You guys and your blue ocean analogy. The Good Enough strategy IS a way to create a disruptive tech. I don't think its the exact same as Nintendo's Blue Ocean but it sort of does compare.
The Wii has Good Enough performance, its above the GC but can't match the other consoles of the gen, but a large significant segment of the gaming population are fine with it (maybe even prefer it, far as I can tell). It made the Wii cheapest to buy out the gate.
Motion controls are simple enough and intuitive its easy to become efficient in controlling whatever game uses it. This allowed people to play games that had never done so before (this is by the way the blue ocean strategy, get new gamers). The controls are Good Enough for alot of people for alot of games, but not all people and not all games.

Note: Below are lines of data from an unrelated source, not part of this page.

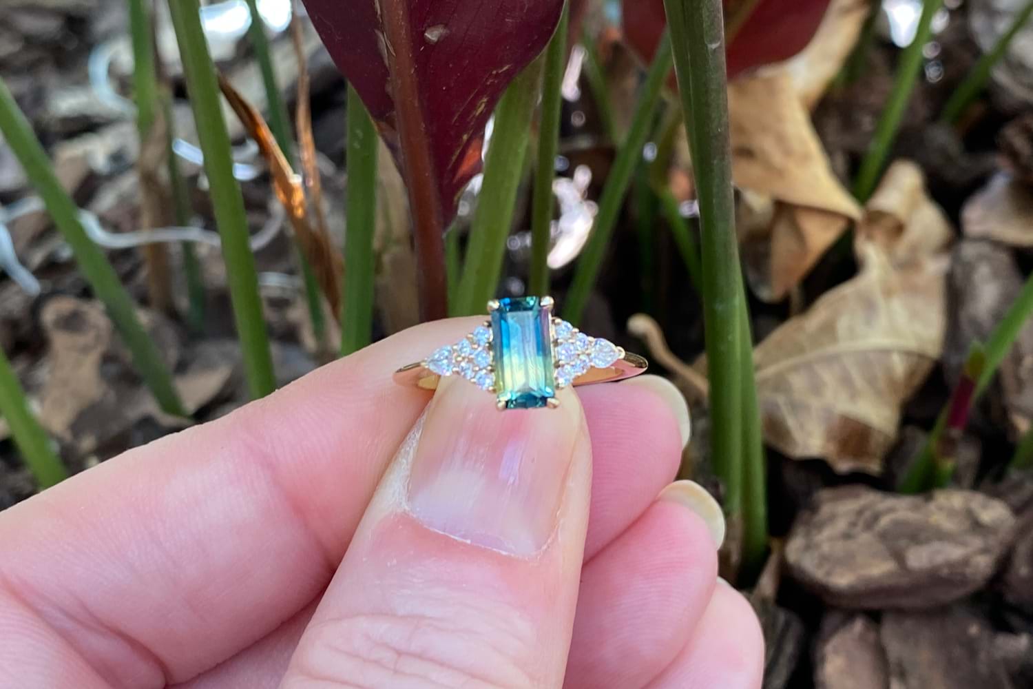 9ct Yellow Gold 1.22ct Emerald Cut Blue/Grey Sapphire & 0.27ct Diamond Ring (M)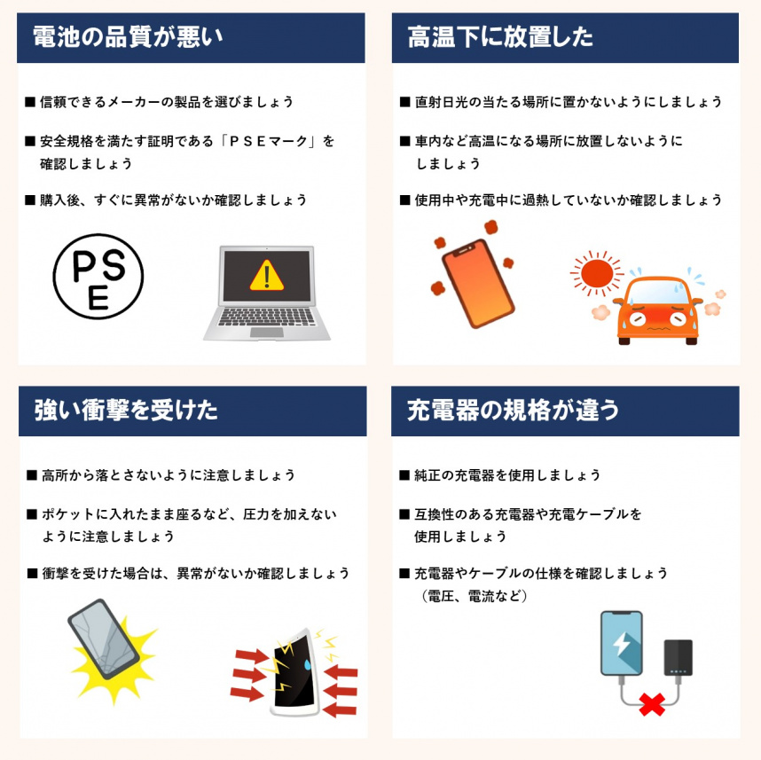 ※ 膨張、異音、異臭など異常が生じた際は、使用をやめましょう。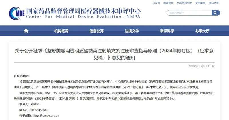 11月12日,國家藥監局器審中心發布《整形美容用透明質酸鈉類注射填充劑注冊審查指導原則(2024年修訂版)(征求意見稿)》(以下簡稱《指導原則》),并向社會公開征求意見。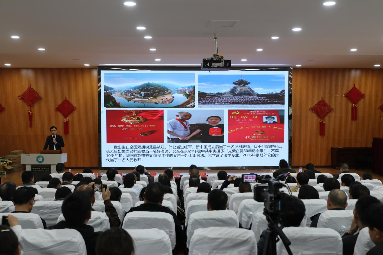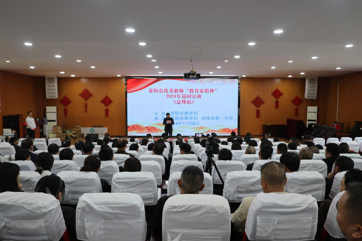 11月8日,由贵阳市教育局主办,息烽县教育局、息烽县第一小学承办的贵阳市优秀教师“教育家精神”2024年巡回宣讲会(息烽站)在息烽县第一小学多功能报告厅举行。来自全县各公、民办中小学、幼儿园党组织书记、校(园)长及师德师风负责人等150余人聆听宣讲。

Look at the Flip camera. It does nothing new at all, all it does is focus on the KEY elements of a digital camera, make it intuitive to use, cheep to buy. It completely disrupted the digital camera market.
| dharh said: ^ First, console wars are muddled. A great number of console owners are in fact duel console owners. I have all 3. Taking away a significant part of Nintendo's audience basically means "Oh by the way you Wii owners should get a PS3/X360 also cause we have something you like that Nintendo doesn't offer." You may entirely be right that Nintendo's current 'upmarket' as you put it strategy will block SONY/MS 'downmarket' strategy. I don't really see it quite so black and white, but ok.
You guys and your blue ocean analogy. The Good Enough strategy IS a way to create a disruptive tech. I don't think its the exact same as Nintendo's Blue Ocean but it sort of does compare. The Wii has Good Enough performance, its above the GC but can't match the other consoles of the gen, but a large significant segment of the gaming population are fine with it (maybe even prefer it, far as I can tell). It made the Wii cheapest to buy out the gate. Motion controls are simple enough and intuitive its easy to become efficient in controlling whatever game uses it. This allowed people to play games that had never done so before (this is by the way the blue ocean strategy, get new gamers). The controls are Good Enough for alot of people for alot of games, but not all people and not all games. Look at the Flip camera. It does nothing new at all, all it does is focus on the KEY elements of a digital camera, make it intuitive to use, cheep to buy. It completely disrupted the digital camera market. |
I think, that you are mixing the Blue Ocean Strategy, and the Disruption Strategy (and also made up your own "Good Enough Strategy" WTF?!)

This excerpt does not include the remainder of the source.